Restate the listing below line for line and word for word, without the pictures.

**Dataset entries**:
────────────────

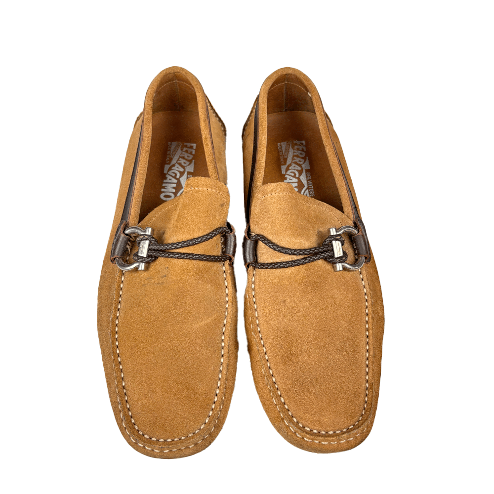 - Suede na cor caramelo, couro marrom e detalhe em Gancini na cor prateada;
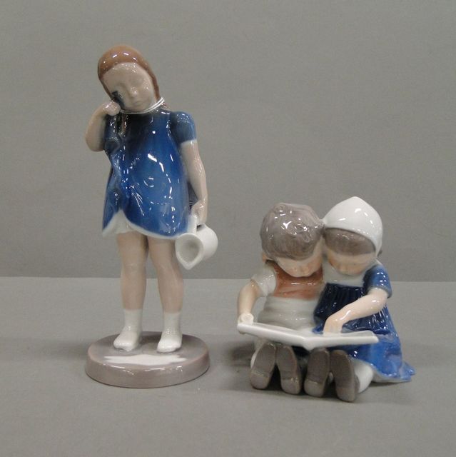 Bing & Grondahl figurines 2st, reading children and girl with milk jug
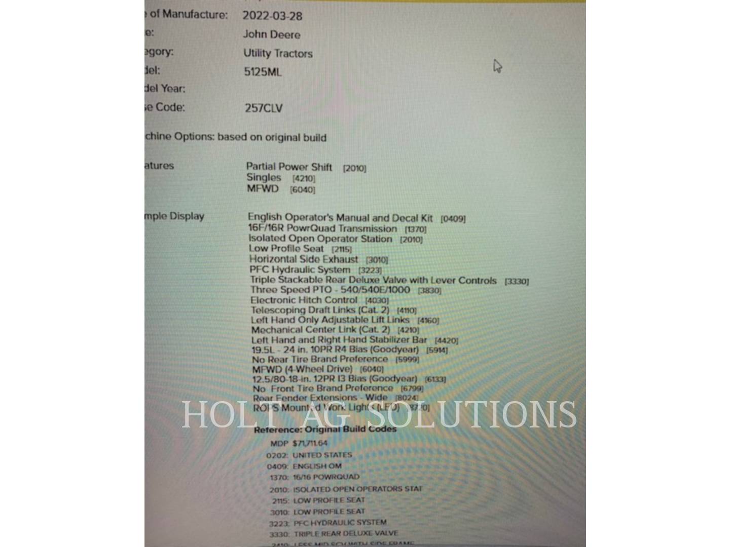 Serial Num: 1LV5125MPNM703051
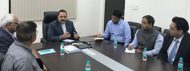 The Minister of State for Development of North Eastern Region (I/C), Prime Minister’s Office, Personnel, Public Grievances & Pensions, Atomic Energy and Space, Jitendra Singh chairing a meeting to review the status of India’s first-ever “Air Dispensary†service to be introduced in Northeast, in New Delhi on November 12, 2017.
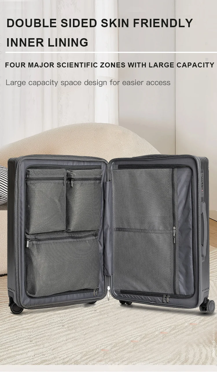 This suitcase has two zippers, and opening one of them can increase the capacity by 20%
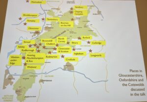 A good turnout on an autumnal evening to hear local storyteller, writer and speaker Kirsty Hartsiotis talk about Arts & Crafts in Cotswold Churches. Kirsty began by distinguishing between those older churches with Arts & Crafts interiors or features and those churches entirely designed and built by craftsmen (and women!) from the Arts and Crafts Movement, which is generally considered to have started around the 1890s and continued into the 1920s, though its influence continued for some time afterwards. Kirsty then showed us a slide (reproduced below with her kind permission) of all the places she would be discussing in her talk, which she considered to have an Arts & Crafts heritage.
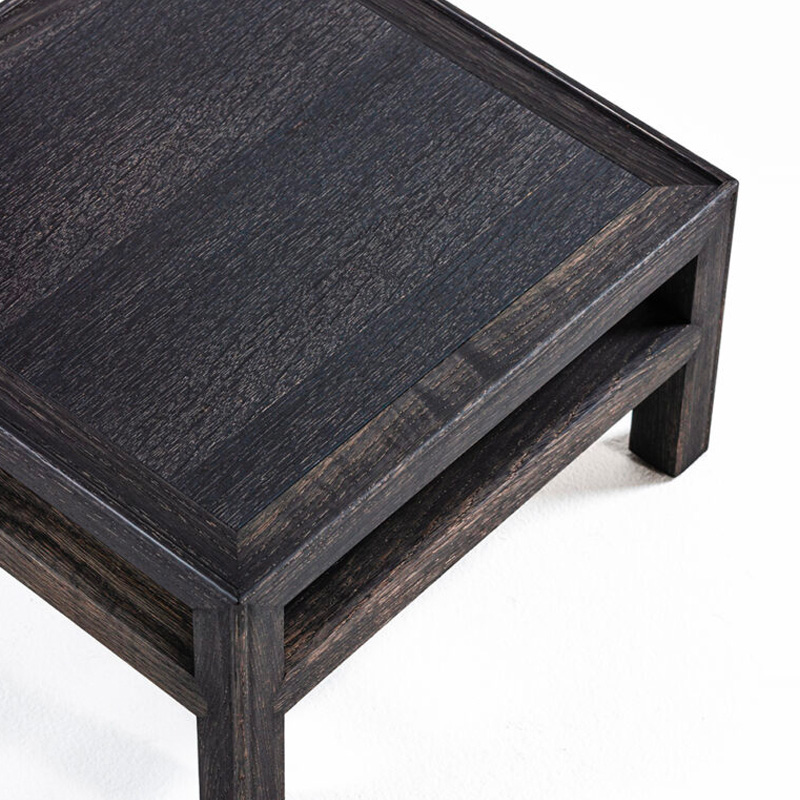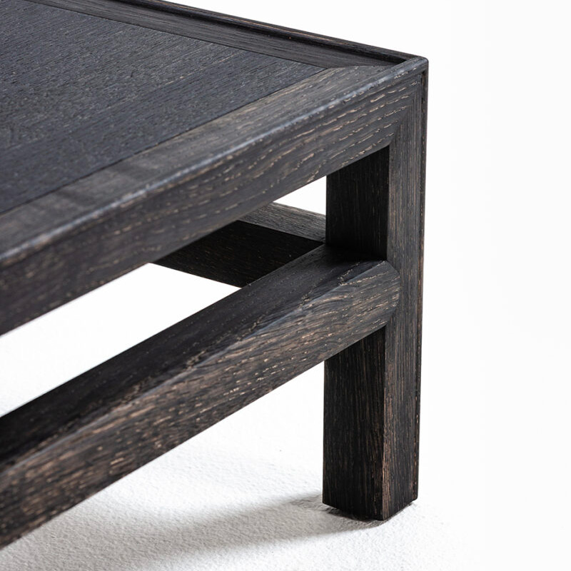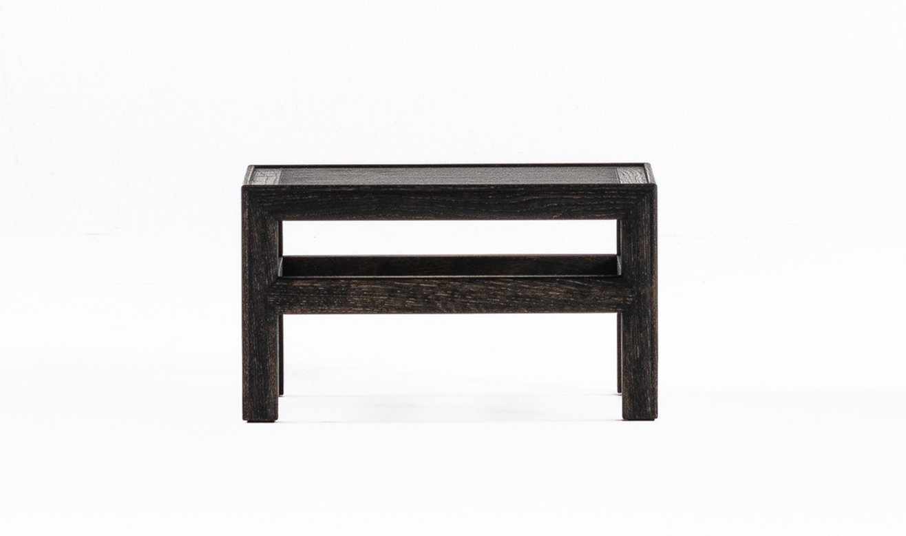 床に座る文化を持つ日本では、かつて御膳に一人ひとりの食器を載せて食事をしていました。現代でも床に座って寛ぐ習慣はあり、傍らの Za に飲み物や読みかけの本などを置くサイドテーブルとして製作しました。「こぼれ止め」としての玉縁が細く施されている、控えめな佇まいとなっていますが、脚や天板の接合部は精度が求められる木工技術が凝縮しています。出来るだけ装飾を抑え、気軽に移動できる小ぶりなサイズ感が、使い勝手のよい生活の中の道具となることをイメージしました。
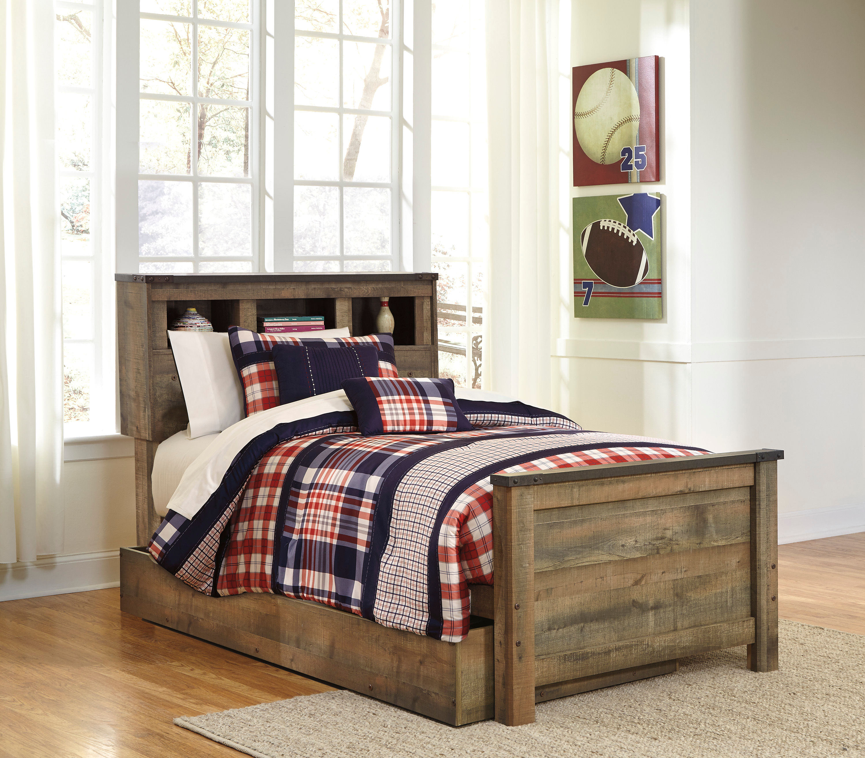 Whether she loves horses or he's a cowboy at heart, Trinell twin bookcase bed with under bed storage matches their authenticity. Rustic finish, plank-style details and nailhead trim pay homage to reclaimed barn wood, making for a chic look loaded with charm. Mattress available, sold separately.
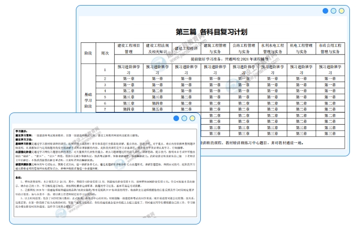 了解咨詢整體學習邏輯,包括預習階段,基礎階段,強化階段和沖刺階段,貫穿一建備考全過程,總結各階段特點,精準把握復習節(jié)奏。解決大家不知道怎么學,以及如何更高效學習的問題。然后就是對各科考試特點進行分析,幫助大家確定科目學習順序。
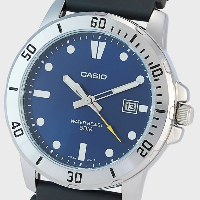 MTP-VD01D-7C Casio наручные часы кварцевые WR50 (5 атм) мужские серебряный, серый отображение числа подсветка стрелок минеральное стекло

────────────────

**Reply**:
 - Suede na cor caramelo, couro marrom e detalhe em Gancini na cor prateada;
 Bing & Grondahl figurines 2st, reading children and girl with milk jug
 Serial Num: 1LV5125MPNM703051
 The Minister of State for Development of North Eastern Region (I/C), Prime Minister’s Office, Personnel, Public Grievances & Pensions, Atomic Energy and Space, Jitendra Singh chairing a meeting to review the status of India’s first-ever “Air Dispensary†service to be introduced in Northeast, in New Delhi on November 12, 2017.
 This suitcase has two zippers, and opening one of them can increase the capacity by 20%
 A good turnout on an autumnal evening to hear local storyteller, writer and speaker Kirsty Hartsiotis talk about Arts & Crafts in Cotswold Churches. Kirsty began by distinguishing between those older churches with Arts & Crafts interiors or features and those churches entirely designed and built by craftsmen (and women!) from the Arts and Crafts Movement, which is generally considered to have started around the 1890s and continued into the 1920s, though its influence continued for some time afterwards. Kirsty then showed us a slide (reproduced below with her kind permission) of all the places she would be discussing in her talk, which she considered to have an Arts & Crafts heritage.
 床に座る文化を持つ日本では、かつて御膳に一人ひとりの食器を載せて食事をしていました。現代でも床に座って寛ぐ習慣はあり、傍らの Za に飲み物や読みかけの本などを置くサイドテーブルとして製作しました。「こぼれ止め」としての玉縁が細く施されている、控えめな佇まいとなっていますが、脚や天板の接合部は精度が求められる木工技術が凝縮しています。出来るだけ装飾を抑え、気軽に移動できる小ぶりなサイズ感が、使い勝手のよい生活の中の道具となることをイメージしました。
 Whether she loves horses or he's a cowboy at heart, Trinell twin bookcase bed with under bed storage matches their authenticity. Rustic finish, plank-style details and nailhead trim pay homage to reclaimed barn wood, making for a chic look loaded with charm. Mattress available, sold separately.
 了解咨詢整體學習邏輯,包括預習階段,基礎階段,強化階段和沖刺階段,貫穿一建備考全過程,總結各階段特點,精準把握復習節(jié)奏。解決大家不知道怎么學,以及如何更高效學習的問題。然后就是對各科考試特點進行分析,幫助大家確定科目學習順序。
 MTP-VD01D-7C Casio наручные часы кварцевые WR50 (5 атм) мужские серебряный, серый отображение числа подсветка стрелок минеральное стекло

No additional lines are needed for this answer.